Goal-directed visual information processing with GABAergic inhibition in parietal cortex

Goal-directed visual information processing involves tracking relevant visual signals (targets) over space and time. However, goal-irrelevant visual signals (distractors) can interfere with the tracking of targets. The neuronal mechanisms, which promote the tracking of targets in the challenge of interference from distractors remain elusive. Here, we used time-resolved functional magnetic resonance spectroscopy (fMRS) to measure dynamic changes of γ-aminobutyric acid (GABA), a chief inhibitory neurotransmitter, and glutamate, a chief excitatory neurotransmitter, in the parietal and visual cortices while participants performed a visual tracking task for targets among distractors. We found that the more targets had to be tracked, the greater the concentrations of GABA and glutamate in parietal cortex. In visual cortex only the concentration of glutamate increased with the number of tracking targets.
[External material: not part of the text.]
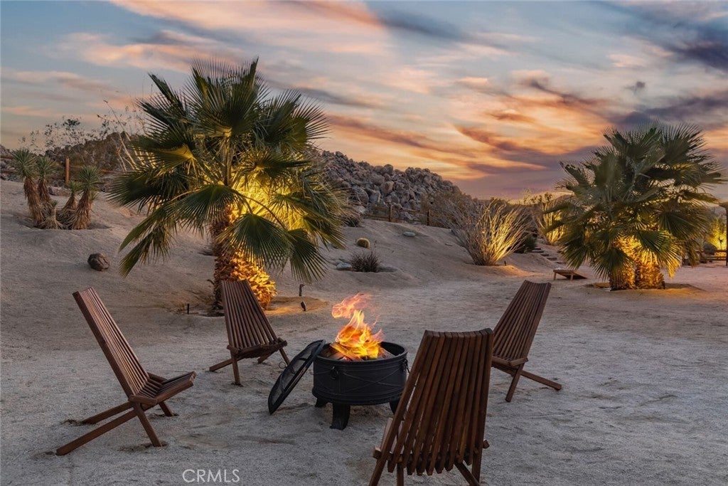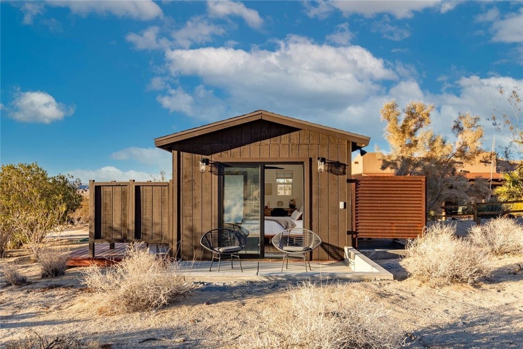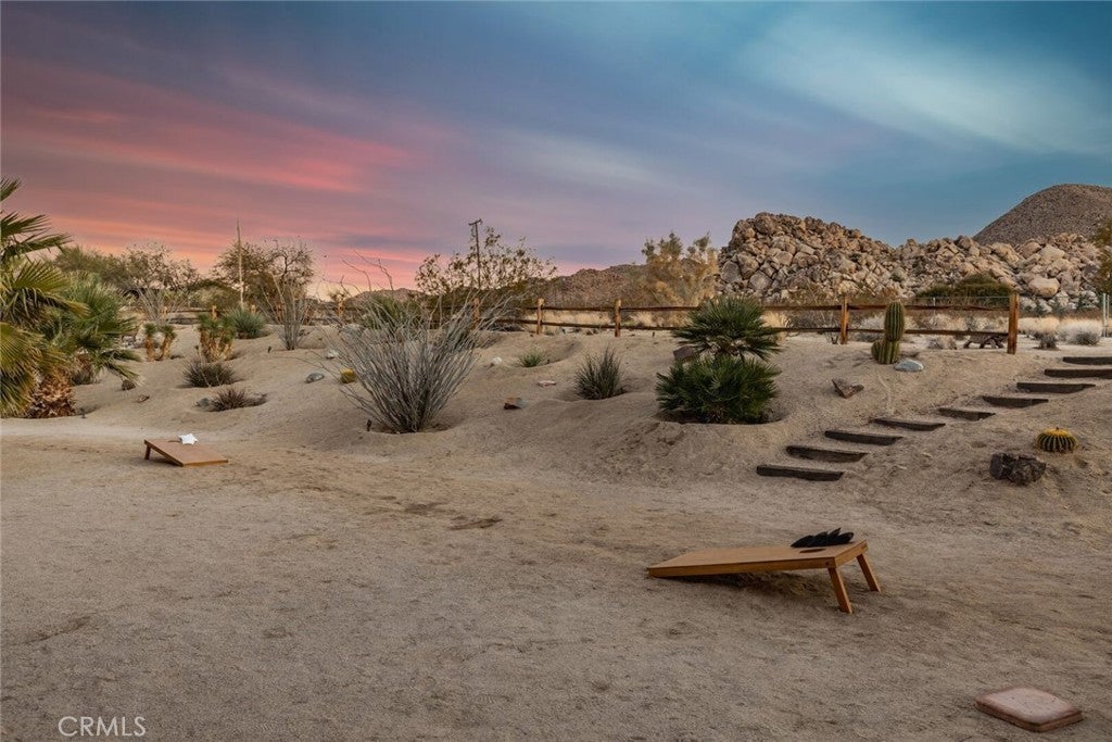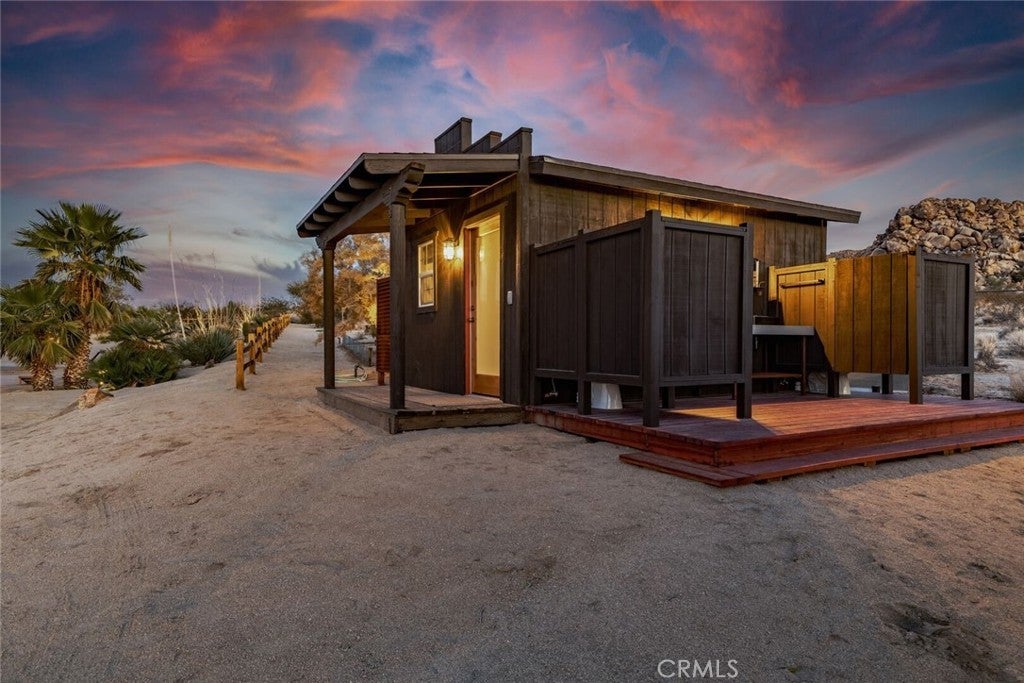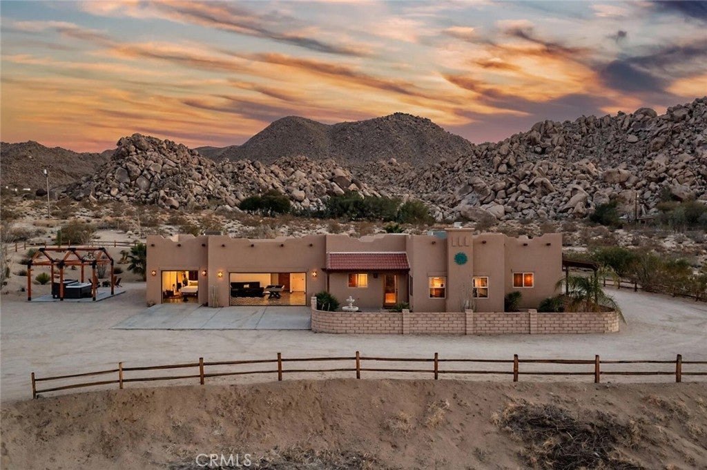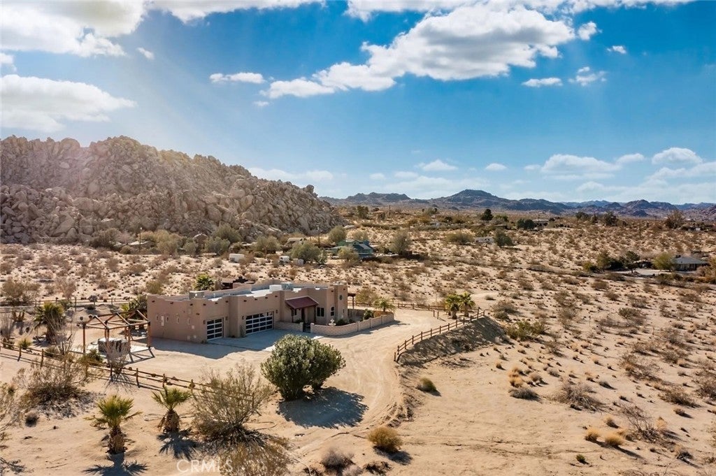 CASA MILLA: Tucked up near Joshua Tree National Park, this splendid property offers wilderness hikes from the backdoor and views of nearby boulder mountains from the back porch. Santa Fe style estate features panoramic views of the Park to the south, sweeping views of the ancient dry lakebed below to the north, and breathtaking sunsets over the mountains of Big Bear to the west. Spread out over 3 bedrooms, including a primary suite offers an ensuite bath, open living areas, in addition to a workspace, and private outdoor access. Active furnished, turnkey Airbnb. Management in place. Exterior includes a spa, firepit, BBQ, outdoor shower and two outdoor bathrooms with a double vanity, set against sprawling desert landscaped grounds. Ideal for large families, entourage, or guests, the home also features a large game room (pool table, TV and oversized games), as well as ample seating for indoor/outdoor dining. For those looking for a workcation, you'll find 3 bedrooms perfectly outfitted with desks/work spaces. Located in the premier South Joshua Tree area and only minutes to downtown Joshua Tree. Access to Interstate-10 leading to LA and Palm Springs International Airport.

Concentration changes of GABA and glutamate in parietal cortex only were differentially associated with performance: Better target tracking was associated with greater increase in GABA concentration and smaller increase in glutamate concentration. These results suggest that GABAergic inhibition in parietal cortex plays a crucial role in minimizing interference during target tracking over space and time, thereby promoting goal-directed visual information processing.